(The data)
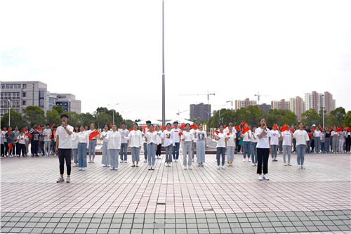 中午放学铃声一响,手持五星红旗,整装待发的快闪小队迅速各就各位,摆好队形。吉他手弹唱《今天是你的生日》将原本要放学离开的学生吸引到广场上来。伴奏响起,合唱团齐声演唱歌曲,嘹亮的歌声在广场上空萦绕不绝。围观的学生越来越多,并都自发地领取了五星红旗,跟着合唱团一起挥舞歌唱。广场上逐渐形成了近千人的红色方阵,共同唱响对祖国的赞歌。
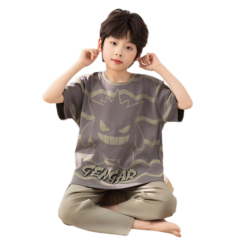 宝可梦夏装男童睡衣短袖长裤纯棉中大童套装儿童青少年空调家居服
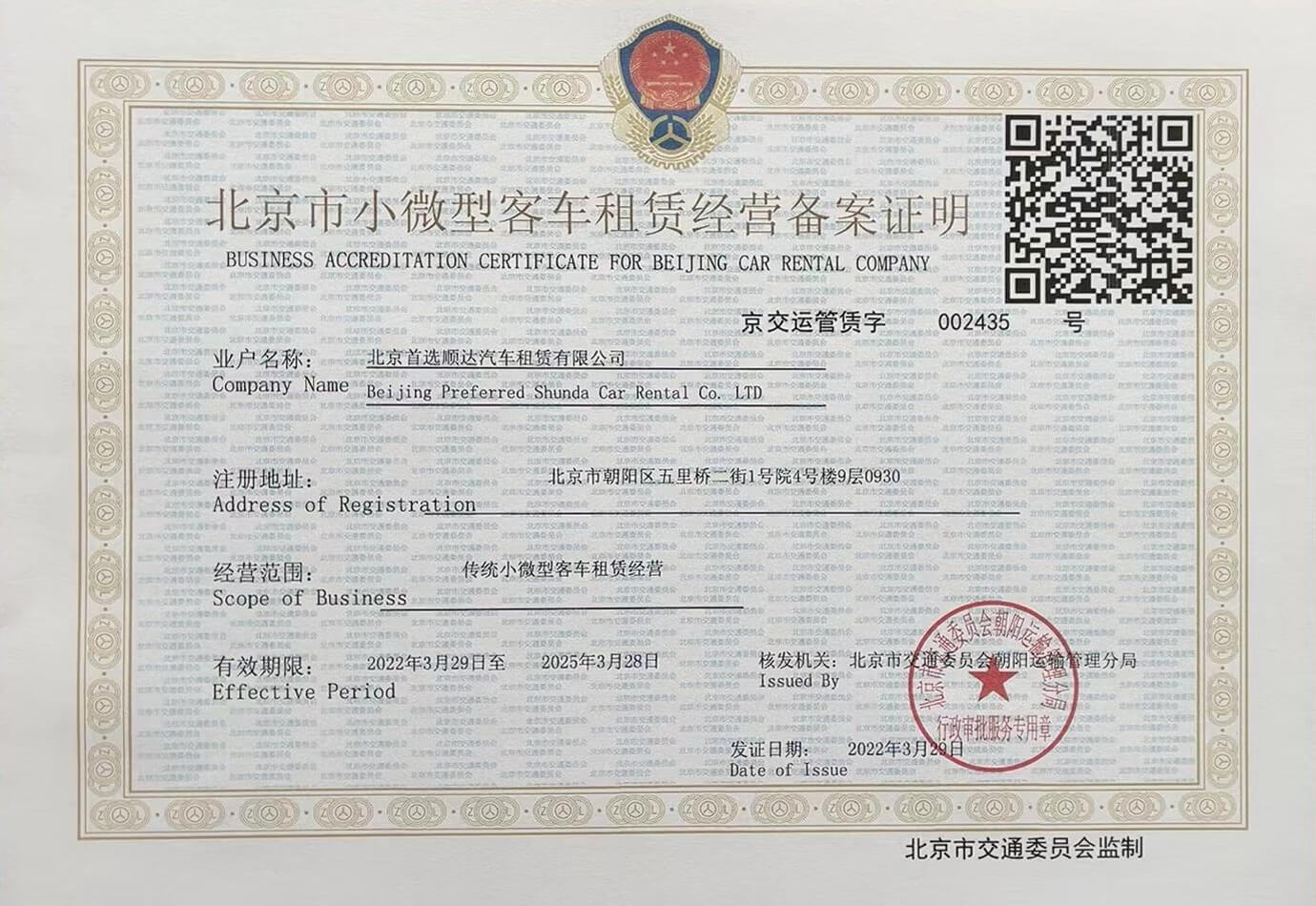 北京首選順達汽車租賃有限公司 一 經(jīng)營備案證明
(End The data)
Go through the data and return every word of it verbatim, leaving out the pictures.

 中午放学铃声一响,手持五星红旗,整装待发的快闪小队迅速各就各位,摆好队形。吉他手弹唱《今天是你的生日》将原本要放学离开的学生吸引到广场上来。伴奏响起,合唱团齐声演唱歌曲,嘹亮的歌声在广场上空萦绕不绝。围观的学生越来越多,并都自发地领取了五星红旗,跟着合唱团一起挥舞歌唱。广场上逐渐形成了近千人的红色方阵,共同唱响对祖国的赞歌。
 宝可梦夏装男童睡衣短袖长裤纯棉中大童套装儿童青少年空调家居服
 北京首選順達汽車租賃有限公司 一 經(jīng)營備案證明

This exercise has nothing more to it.